It would give the federal government a fine opportunity to once and for all show off its highly touted flexibility, which exists only in the minds of some of our Liberal colleagues.
We ask that the discretionary power provided for in clause 4 be eliminated and that, as soon as a province meets the criteria set out in the new clause 26.1, its own divorce guidelines apply within its territory, as dictated by common sense and respect.
This issue was considered by a federal-provincial-territorial committee whose report proposed three alternatives to the very concrete problem raised by the distribution of powers, whereby one formula could be used for divorces and another one for private cases. The government opted for a single formula within a single territory, and we totally agree. Now we just have to make sure it does not undo with one hand what it is proposing to do with the other.
I would now like to move on to the guidelines section in the bill. For some years now, lawyers and legal experts have agreed on the lack of uniformity and the arbitrary way support payments are determined.
We know that the decisions relating to child support orders are left to the judges' discretion and vulnerable to all kinds of manipulations by one or both spouses in assessing their ability to pay. There is now a total lack of uniformity in the amounts granted.
According to one study, child support payments are already inadequate when they are set, and the situation gets worse with inflation and as the children grow up and their financial needs increase. In fact, many people working in the judicial system are calling for the standardization of child support payments.
This bill proposes the adoption of a grid, which is a step in the right direction. The federal-provincial-territorial family law committee on child support came to the same conclusion in its report, saying:
"The committee believes that adopting a child support setting formula will help parents, lawyers and judges negotiate and set fair and consistent support payments and bring parents to take responsibility more readily for their children.
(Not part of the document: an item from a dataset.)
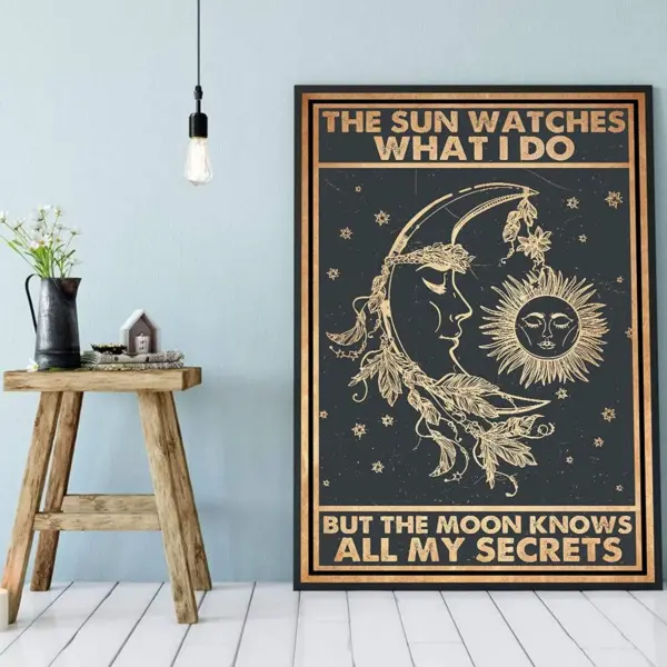 Retro Poster Art The Sun Watches What I Do But The Moon Knows All My Secrets Sun And Moon Wall Art Vintage Yoga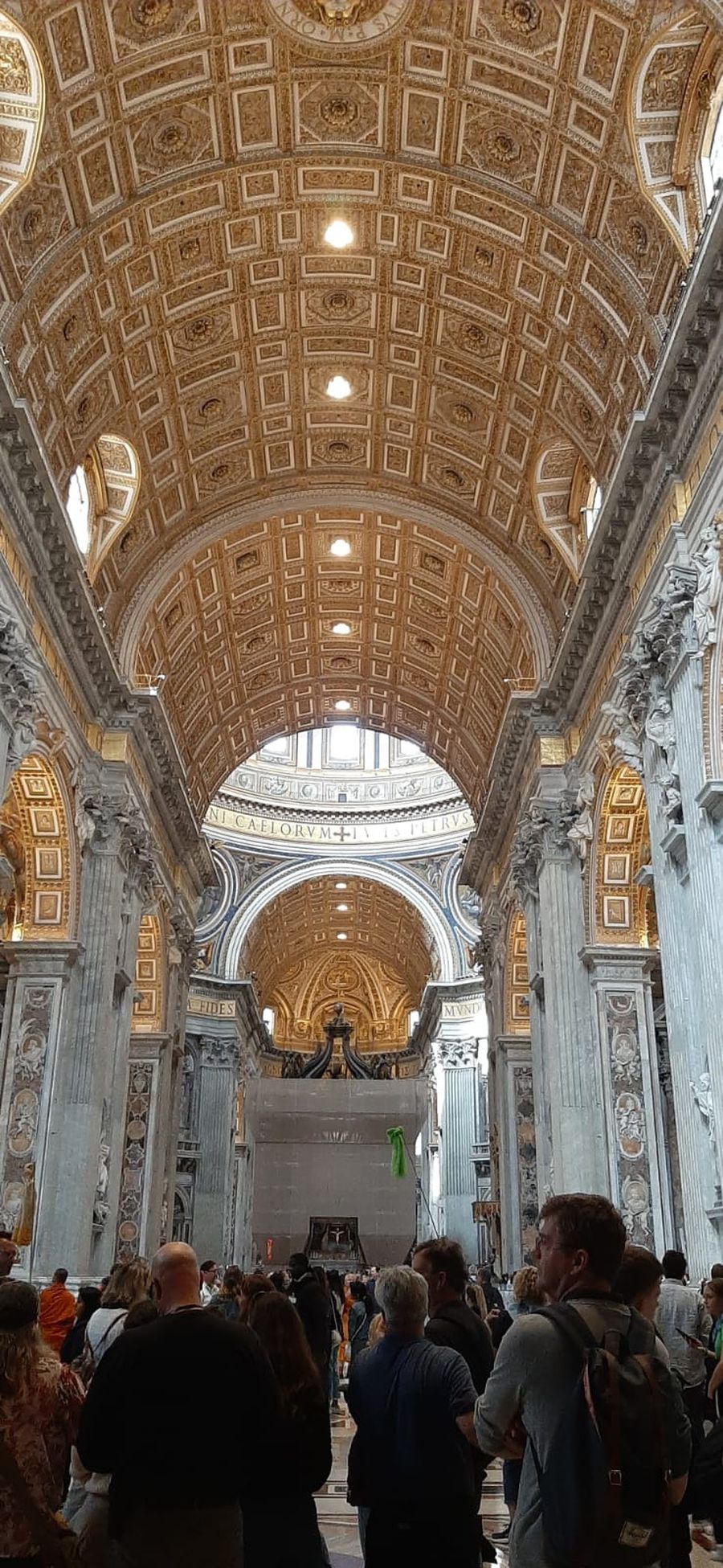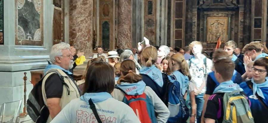 Der Freitag stand ganz im Zeichen des Vatikans. Am Vormittag hieß es erst mal sehr lange Schlange stehen an den Sicherheitskontrollen vor dem Einlass in den Petersdom, den die Minis bei einer Führung ausführlich besichtigten. Dazu gehörte auch der Besuch der Papstgräber unter dem Petersdom. Anschließend folgte der anstrengende Aufstieg zur Peterskuppel; der überwältigende Ausblick von oben auf die Stadt Rom entschädigte aber für alle Strapazen.

By eliminating a major source of conflict when families break up, this formula may also foster a positive relationship between family members, and particularly between the child and the non-custodial parent. It may also reduce not only the legal costs to the parents but also the legal aid costs, court costs and costs to execute orders, which are borne by the government".
The Conseil du statut de la femme agrees. In a notification filed merely a month ago as part of the Quebec government consultation process, the council pointed out other benefits a support setting formula may have, including: the value to parents of an objective tool by which agreements better tailored to their needs can more
easily be reached; the sense of security this tool will give women in their negotiations with their former spouses; the use by the court of an objective tool, making the decision making process easier to foresee; and, finally, the educational value of such a tool for non-custodial parents regarding the adequacy of support payments and their use by the custodial parent.
It seems that the majority of stakeholders agree with the recommendations made by the committee and so do we.
Some lawyers have concerns however about how these rules will be used by the courts. In Prince Edward Island, where the guidelines adopted by the government are more generous than those proposed by the federal government, there are complaints about judges regarding the guidelines as a ceiling. In American states where similar guidelines were adopted, judicial discretion has all but disappeared.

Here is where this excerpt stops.